Take page speed, for example. We often talk about how important page speed is for SEO and UX, focusing on the technical aspects of what slows websites down and the data on how fast a site needs to be to increase conversions.

But the real issue with page speed is that slow websites raise suspicions and erode user trust. The user may not be consciously judging your site but page speed is closely correlated with bounce rate is because it instantly inspires a positive or negative perception of your website. When a website is slow, it’s a cue for the user to think things like:

  • This is a bad sign.
  • This can’t be a reputable business. I’d better be on high alert to ensure I’m not getting cheated.
  • It’s going to take a long time for me to get what I want.
  • I’m frustrated.
  • If it’s this difficult to buy x product, I don’t want to even bother.

You can transfer this same experience onto virtually every other aspect of user experience. An onerous checkout process, confusing navigation, and poor product images will inspire a negative perception, while fast load time, a streamlined checkout, and clear navigation will inspire a positive one.

Traditional SEO Initiatives Matter for UX, Too

It’s not only that good design and proper web development are important for SEO. Traditional SEO initiatives also enhance user experience, even if their relationship to UX is less apparent than that of the design elements.

For example, keyword research and content writing are not only important so that Google knows what your site is about. They’re also important because they help your user understand and navigate your site. This is why “keyword stuffing,” once hailed as the ultimate SEO hack, will now earn you a penalty. Genuinely good and useful content is a positive user experience, whereas meaningless words repeated on a page is a bad one. The same goes for backlinks. Building a link profile important for UX because it builds trust with customers who come across those backlinks.

Take User Experience Into Account When Setting Marketing Goals and Budget

“Data-driven” is one of the most important buzzwords in digital marketing and make no mistake: data should be at the heart of everything you do. But it’s important to remember that there are users behind that data and that, actually, the customer’s experience is the the story behind the data.

The data tells you customers come back and repurchase items after you send out a certain email flow. The story is that you successfully connected with them, incentivized them, and made it easy for them to find and repurchase what they wanted. The data tells you that a PPC campaign has a high click-through rate but low conversions. The story could be that you aren’t targeting the right group of users and thus aren’t giving them what they’re looking for, or that your landing page experience isn’t good enough.

Commiting to user experience will improve your SEO return on investment across the board. Your site will rank better organically, your PPC ads will perform better, and your email marketing campaigns will drive more revenue. It will help you turn the leads you capture into customers and the customers you convert into regulars.
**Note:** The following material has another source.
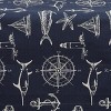 Complete with coastal charm, this nautical table runner features a detailed traditional seaside design of classic oceanic elements. Sailboats, anchors, marlin fish, and compasses are highlighted in white against a navy blue fabric ground. The calming, cozy colorway and beautiful beach details provide a decorative tabletop mat great for adding a fresh and casual feel to your home space. Soft and absorbent to the touch, this reusable table topper mat is constructed of premium cotton material well-suited for both everyday and special occasion meals. Utilize this kitchen textile accent on its own as a charming centerpiece backdrop or create a wonderful dinner arrangement with various decorative table accents that will elegantly elevate summer, tropical, lake house, antique nautical table decorations, and more.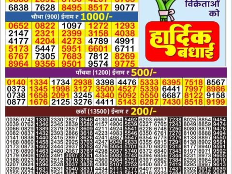 Maharashtra Ganeshlaxmi Weekly Lottery 5 Pm Result 16.05.2025 May 16, 2025 Leave a comment Related Results Maharashtra Gajlaxmi Weekly Lottery 4.45PM Result 29.10.2025 Dear 50 Daily Lottery 5 Pm Result 2.06.2025 Rajshree Daily Lottery 1 PM Result 14.07.2025

So what should your marketing priorities be? Anything that you can commit to making useful and beautiful for your users. Of course website design and development are important to this, but consider how other initiatives like email marketing, PPC, and social media optimization contribute to users’ overall engagement with your brand. You should always be returning to the question of how what you’re doing will improve your customer’s user experience.